CINCINNATI — Greater Cincinnati saw an explosion in the number of hepatitis A cases diagnosed in 2018, when three people died from the infectious liver disease.
As public health officials worked to contain the outbreak, the restaurant industry suffered some collateral damage.
At least nine times since last August, local health departments announced employees had been diagnosed with hepatitis A in places that serve food to the public.
Businesses that were publicly identified told WCPO they lost customers, received angry phone calls and suffered reputational damage that might never be repaired.
Some restaurants paid to have their healthy employees vaccinated against hepatits A. Others benefited from an uneven regulatory approach that allowed at least eight food-service establishments to avoid being named in press releases.
“The restaurant industry is very concerned,” said Patrick Crowley, a public relations consultant who has advised three restaurant operators on the crisis. “Restaurants don’t want employees that are infected and dealing with food or customers.

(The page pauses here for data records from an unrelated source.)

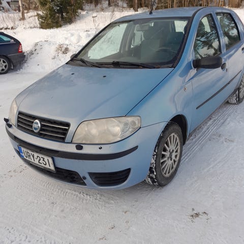 Tommonen fiat punto purussa ilmajoella. Alustan osat ainakin ehjiä ja kaikki jarrut ja iskarit jne. Jarrut eivät ole jumissa koska tällä ajettiin viimeksi viikko sitten ja toimi hyvin ne. Moottorista palanut kansipahvi ja nesteet ovat sekaisin
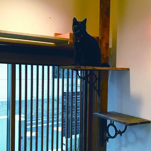 キャットタワーから猫神棚へ繋げる丸太と足場を。
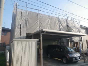 秋田市 牛島 二世帯 新築外構工事 カーポート テリオスポートⅢ
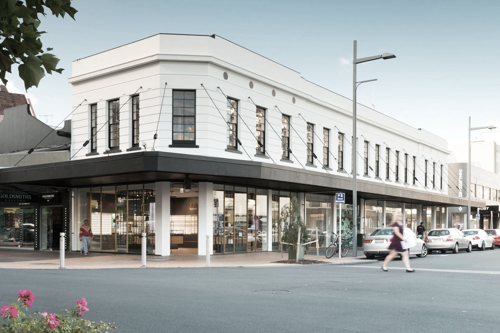 ArchiPro Project Summary - Heritage restoration of Wiseman Central, featuring enhanced façade, earthquake strengthening, and dynamic retail frontage with faceted glazing, harmonizing modern aesthetics with historical architecture.
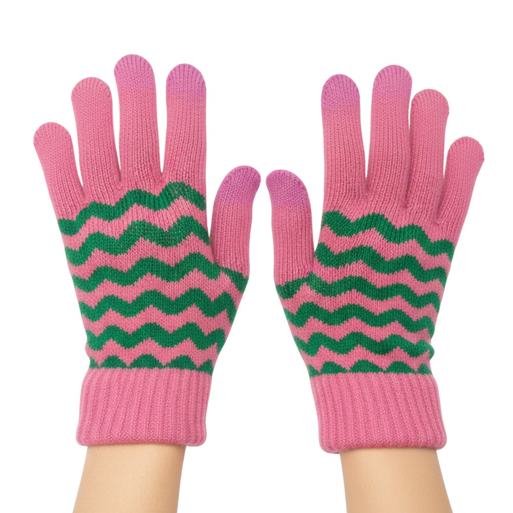 Details • Size : One Size • Material : 70% Polyester, 30% Wool • Smart Touch • Cozy knit touchscreen gloves with a bold wave pattern, perfect for winter days. Enjoy full mobile device use while keeping your hands warm and stylish with these functional and comfortable gloves.
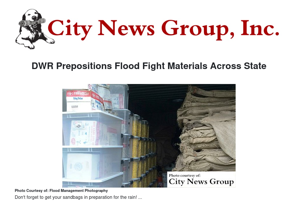 As part of preparing for the flood season and in response to several agency requests for flood fight materials, the Department of Water Resources or DWR strategically prepositioned flood fight materials in warehouses and pre-loaded containers throughout the State.
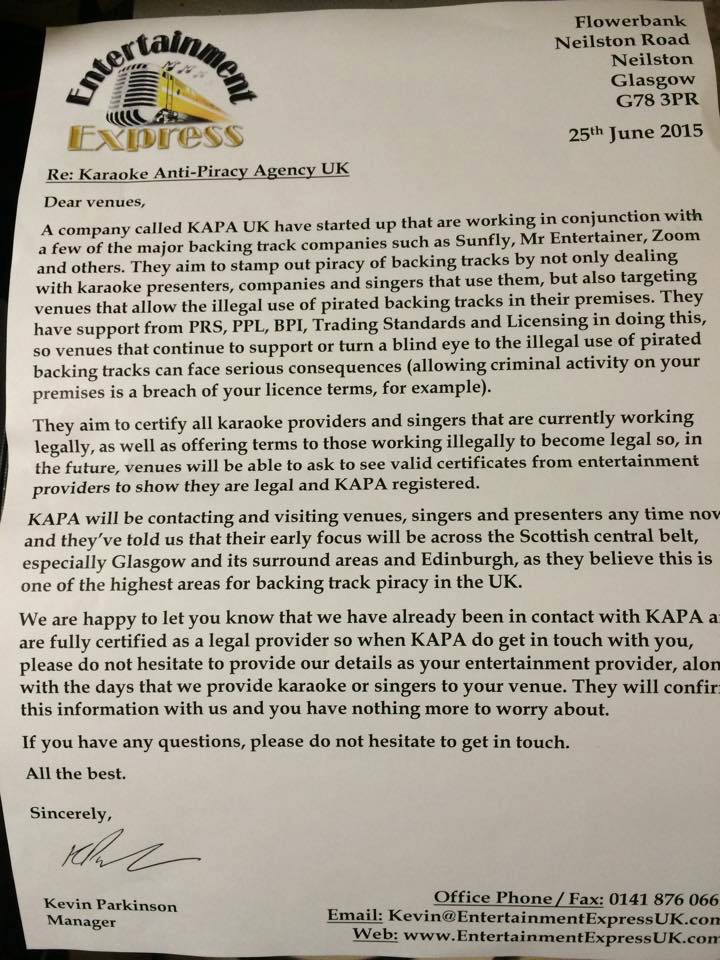 yEP AND HERE IS A DIRECT REPLY I RECEIVED FROM SUNFLY and my responses Dear Del. We are doing lots of things with BPI, PRS, PIPCU and other bodies to combat piracy. We are cracking down on hard drive copying and selling and the availability of our content on torrent sites. Supporting KAPA is just one of those initiatives. Entertainment Express who are running KAPA are well placed to do so because they know their local scene. They will not be able to take advantage of their position to secure more work as a result of KAPA. To avoid any potential conflict of interest, Entertainment Express have committed not to approach a venue which has been visited by KAPA UK to pitch for new work (but will continue to work in venues where existing contracts are in place). I sincerely hope that you can support KAPA as it is in everyone's long term interest to reduce if not eradicate piracy. Thanks. Sunfly. i then replied with the letter above and this quote If that's the case why are they sending the letter above out to all venues, I am taking this to trading standards as this is beyond a joke. Not a chance on this earth will I support KAPA as they have only set this up for there own needs because as a company they are losing venues on a weekly basis. Have you looked in to entertainment express because I have acquired a hard drive that entertainment express sold to someone and I have proof of this and the ID tags for the tracks point to they have come from a torrent site so of that is not piracy what is... You can maybe now understand why I won't support KAPA I have been approached my a whole host of people who are willing to fight this, reason they have come to me is I am like a do with a bone I won't give it up so easy there reply was I understand that that letter was only sent to their existing customers - not to try and acquire new business. I would ask you to send any evidence of any piracy to us directly if you feel more comfortable doing that. Thanks Del. my reply to that was I am having the drive analysed now and the only person that will be getting a copy of those tracks is TRADING STANDARDS in the UK.. And as for the letter only going to existing venues sorry that is crap as this didn't come from an existing venue... I am putting a letter together with our solicitor to send out to every venue in Scotland that will explain who exactly KAPA are and what they are trying to do... Already there has been instances of them trying to bully presenters over this past weekend alone now this could be deemed as threatening behaviour and for a company like sunfly to be behind this then it does start to leave a bad taste in a lot of people's minds ... KAPA should have been set up by a totally independent body not a karaoke company with there own interests at heart as of yet i have not had another reply

That’s the main concern, to make sure they’re providing a healthy atmosphere for their guests and employees.”
Crowley, a partner in Strategic Advisers LLC, thinks restaurants can survive the ignominy of being linked to hepatits A if they quickly communicate how they’re handling the problem.
“If you show people that you care and you’re taking steps to make sure it doesn’t happen again, then I think you’re going to be OK,” he said.
‘All it did was cost us business'
Try telling that to a business owner branded with the Scarlet H.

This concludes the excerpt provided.